# Unknown Bronze/Brass part



## Steamseadog (Apr 11, 2008)

To whom may be able to help,
I've just visited the museum in Beachport SA. They are displaying a brass valve type object which they are unaware as to what it is, how it works, and where it was made. They believe it to be from a steamship. I'm wondering if anyone in The South Australian Maritime Museum could shed some light on this object. I apologize if this has been asked of your experts before. I'll attach a photo. Please let me know if further photos are required to identify this.
Yours faithfully


----------



## pippin (May 13, 2008)

I know exactly what it is - it is a GIZMO!!

Sorry!


----------



## Tim Gibbs (Apr 4, 2012)

Steamseadog said:


> To whom may be able to help,
> I've just visited the museum in Beachport SA. They are displaying a brass valve type object which they are unaware as to what it is, how it works, and where it was made. They believe it to be from a steamship. I'm wondering if anyone in The South Australian Maritime Museum could shed some light on this object. I apologize if this has been asked of your experts before. I'll attach a photo. Please let me know if further photos are required to identify this.
> Yours faithfully


Must be from a naval vessel - merchant ships couldn't afford all that brass


----------



## Mad Landsman (Dec 1, 2005)

Nothing to do with ships.
It is a Harvey Frost vulcanising tool, missing a clamp.
They were used to repair car tyres back in day. It was used to heat the uncured repair rubber patch, under pressure from the missing clamping plate.
Fuel goes in the lower chamber and water in the top chamber. The spirit burner heats the water under pressure and when the required pressure is shown on the gauge then you have the correct temperature.
I have only ever used electric vulcanisers so cannot elaborate much more.


----------



## Stephen J. Card (Nov 5, 2006)

Brilliant! You are definitely at the top of class today! Well done.


----------



## Steamseadog (Apr 11, 2008)

Mad Landsman said:


> Nothing to do with ships.
> It is a Harvey Frost vulcanising tool, missing a clamp.
> They were used to repair car tyres back in day. It was used to heat the uncured repair rubber patch, under pressure from the missing clamping plate.
> Fuel goes in the lower chamber and water in the top chamber. The spirit burner heats the water under pressure and when the required pressure is shown on the gauge then you have the correct temperature.
> I have only ever used electric vulcanisers so cannot elaborate much more.

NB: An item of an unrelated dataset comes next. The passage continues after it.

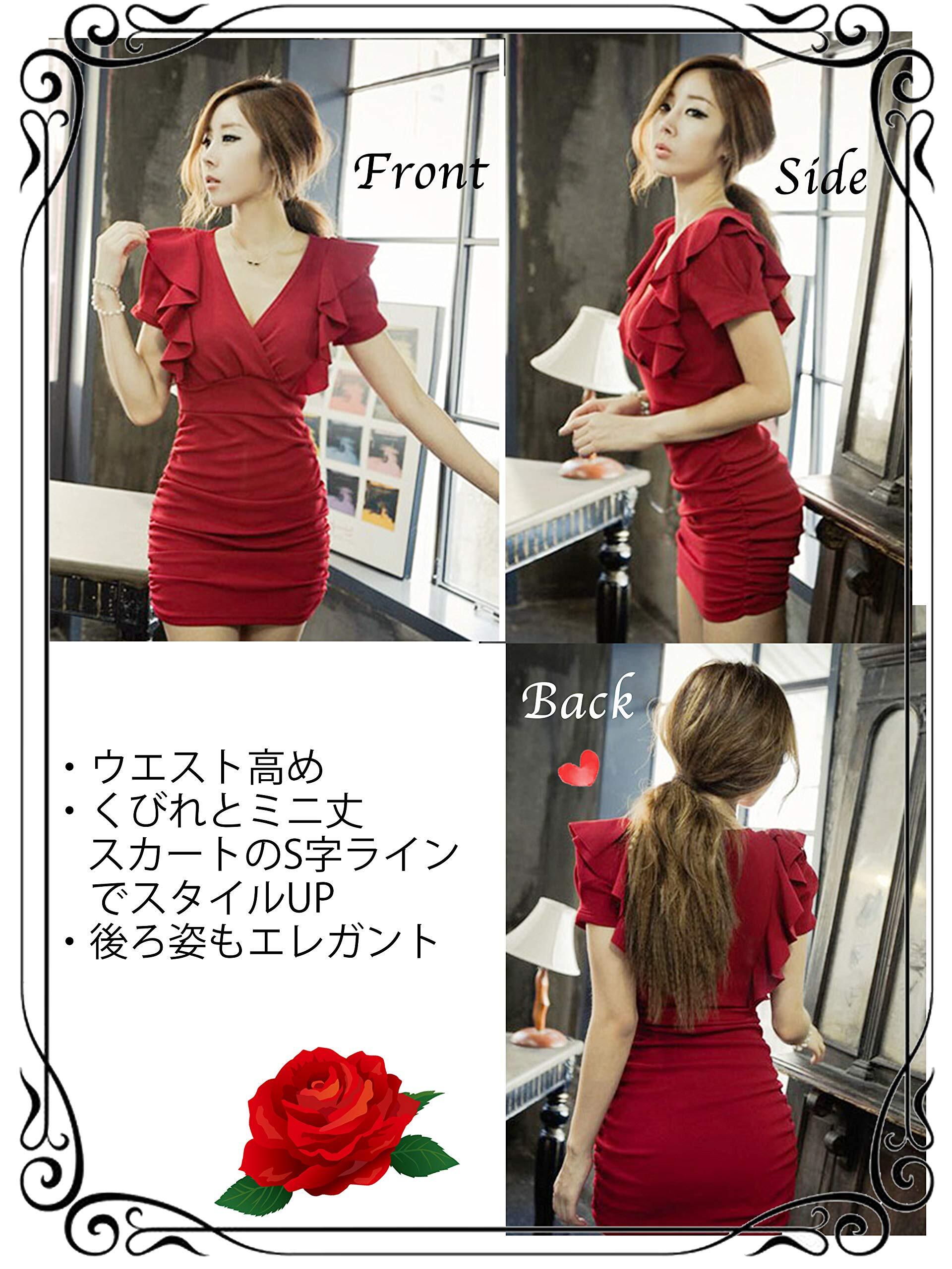 カシュクールの深めのVネックとウエストをキュッと絞ったグラマラスなS字ラインが魅力! デート、合コン・お呼ばれ・二次会・結婚式・食事会、キャバドレスやお仕事用にも大活躍大人セクシー愛されパーティドレス 袖のフレアが二の腕を華奢に体型カバー、ハイウエスト切り替えとミニ丈のスカートがスタイル良く魅せる! 深めのVネックが首元・デコルトを綺麗に、カシュクールのドレープがバストをふんわりと包み、ミニ丈スカートのサイドギャザーが動きやすい! 選べるブラック&レッドで勝負で映えるドレスワンピース。
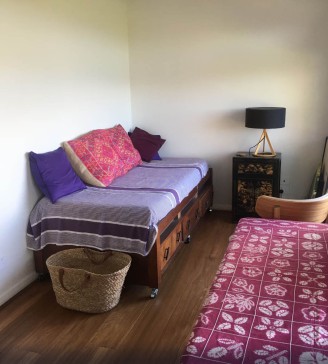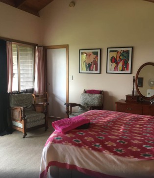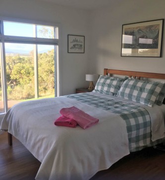 There are two bedrooms in the main house at Bright Glade, with accommodation for two more guests in the separate cabin.

Brilliant answer. Many Thanks


----------



## Mad Landsman (Dec 1, 2005)

You're welcome, happy to help.


----------



## Tim Gibbs (Apr 4, 2012)

Mad Landsman said:


> Nothing to do with ships.
> It is a Harvey Frost vulcanising tool, missing a clamp.
> They were used to repair car tyres back in day. It was used to heat the uncured repair rubber patch, under pressure from the missing clamping plate.
> Fuel goes in the lower chamber and water in the top chamber. The spirit burner heats the water under pressure and when the required pressure is shown on the gauge then you have the correct temperature.
> I have only ever used electric vulcanisers so cannot elaborate much more.


Now that is real knowledge. Specialist subject for Mastemind - tyre vulcanisers?


----------



## Mad Landsman (Dec 1, 2005)

Just had a quick look around the web and found these..


----------



## vasco (Dec 27, 2007)

Ther's always a bit leftover after reassembling.


----------



## Cay (Jun 13, 2019)

Tim Gibbs said:


> Must be from a naval vessel - merchant ships couldn't afford all that brass


Lol The older merchant ships had lots of brass on them. I sailed Engine room aboard a T2 tanker and she had plenty of brass. Now I guess if an old ? naval ship was into repairing tires it could be a ship part


----------



## Cay (Jun 13, 2019)

Tim Gibbs said:


> Must be from a naval vessel - merchant ships couldn't afford all that brass


----------



## pippin (May 13, 2008)

Brass? Even less of that actually went into our pockets as wages!


----------